These strategies and practices can significantly shorten the life cycle of claims, leading to quicker resolutions and improved financial outcomes.

这些战略和做法可以大大缩短索赔的生命周期，从而更快地解决问题，改善财务成果。

By Greenway Health

绿道健康

Bicara’s drugs are antibodies engineered to address solid tumors by hitting two validated cancer targets. The company’s lead program, ficerafusp alfa, is a bifunctional antibody drug designed to bind to epidermal growth factor receptor (EGFR) and human transforming growth factor beta (TGF-beta).

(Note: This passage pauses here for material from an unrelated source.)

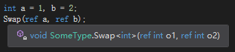 为获取out和ref参数的方法使用泛型类型很有意思,因为作为out/ref实参传递的变量必须具有与方法参数相同的类型,以防止损害类型安全性。

Bicara的药物是通过击中两个经过验证的癌症靶标来解决实体瘤的抗体。该公司的领先项目ficerafusp alfa是一种双功能抗体药物，旨在结合表皮生长因子受体（EGFR）和人转化生长因子β（TGF-β）。

TGF-beta is an important target because high signaling from this protein is associated with resistance to the class of immunotherapies called checkpoint inhibitors. For that reason, drugs that hit this target have been tested as a way to potentially overcome this resistance. GSK and Merck KGaA tried this approach with a bifunctional protein, bintrafusp alfa.

TGF-β是一个重要的靶点，因为该蛋白的高信号传导与对称为检查点抑制剂的免疫疗法的抗性有关。因此，已经测试了达到这一目标的药物，作为潜在克服这种耐药性的方法。GSK和默克KGaA用双功能蛋白bintrafusp alfa尝试了这种方法。

But clinical trial results showed the experimental therapy fell short on measures of efficacy. In its IPO filing, Bicara said such failures may be due to insufficient anti-tumor activity, possibly because the immunotherapy is being expressed in immune tissue rather than the tumor microenvironment (TME) where it’s needed..

但临床试验结果表明，实验疗法在疗效方面存在不足。在首次公开募股文件中，比卡拉表示，这种失败可能是由于抗肿瘤活性不足，可能是因为免疫疗法是在免疫组织中表达的，而不是在需要的肿瘤微环境中表达的。。

Bicara says the dual approach of its drug blocks survival signaling from EGFR as well as immunosuppressive TGF-beta signaling in the TME. Bicara has been testing its experimental drug in combination with the blockbuster Merck immunotherapy pembrolizumab, brand name Keytruda, whose approved indications include HNSCC.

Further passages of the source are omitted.